Natural gas emits half of what coal emits in terms of CO2 as well as methane. These are not local pollutants, but add to warming because of their long-life in the atmosphere.
The technology pathway for these pollutants is twofold: One, is to reduce the use of coal and gas by increasing efficiency or by switching to renewables. Two, is to continue to use the fuel but capture the CO2 and then store it underground or utilise it (using carbon capture and storage or CCS and carbon capture, utilisation and storage or CCSU). In the case of natural gas, methane control means detecting leakages and prevent the gas from escaping into the atmosphere.
I am explaining this to say that we need to understand the difference in local and global pollution strategies and not mix up the two. Coal is bad, and so is natural gas, when it comes to climate change. Both require strategies for switch, phase out and abatement.
Then why is it that the western world, which has till date built its economy on dirty coal, is now wedded to gas as its dream fuel? The EU has baptised it as “green fuel”. The oil and gas companies are drilling more gas, terming it as the necessary energy source.
In fact, it is now argued that the question is not the continued dependence on natural gas but the need for abatement of emissions. It is even said, within energy circles, that green hydrogen—manufactured using renewable or other green fuel—is not necessary for the green transition.

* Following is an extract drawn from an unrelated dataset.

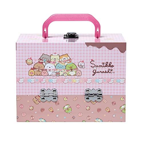 大人気アイテム、「すみっコぐらしバニティメイクボックス」の新デザインが登場です。 今回は美味しそうなスイーツに囲まれたすみっコたちがとてもキュートな仕上がりになっています。 ハート型の3色のアイシャドウパレットと、ネイルカラー、リップグロス、リップスティック、ヘアゴムが揃った大人も顔負けの本格コスメセット。 そして、今回はハートのスパンコールがキラキラ可愛いパッチンどめやコームが新たに入ります。 ネイルは水溶性なので水で簡単に落とせます。
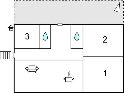 Badezimmer (nr. 1) - WC. Warmes und kaltes Wasser. Dusche

Blue hydrogen, made from natural gas, is also green if the emissions are abated and CO2 captured. The emphasis is on abatement and not on the phase out of fossil fuel, that is natural gas. So, I ask again, why not discuss abatement in the case of coal?
A recent paper published in Nature Climate by Greg Muttitt and others from the International Institute of Sustainable Development and University College, London, discusses how the Intergovernmental Panel on Climate Change (IPCC) underestimates the need to cut down on gas and oil—gas usage needs to only fall down by 14 per cent by 2030, as compared to the complete and unrealistic phase out of coal, which it says must happen in the coming 10 years to stay below 1.5°C.
They conclude that the 1.5°C pathway needs drastic emission reductions of coal, and of oil and gas; and that this underestimation puts a huge burden on coal-dependent countries of the South. In fact, they calculate that the speed of transition that is required from the developing world is 2x more than any country has done till date.
The question also is why should countries of the western world, which have already appropriated the giant share of the carbon budget—way beyond any definition of fair share—be given a free pass on the continued use of natural gas? I ask these questions, not to deny the need for a transition, but to provoke replies, which I hope will help us build a future that is both shared and clean.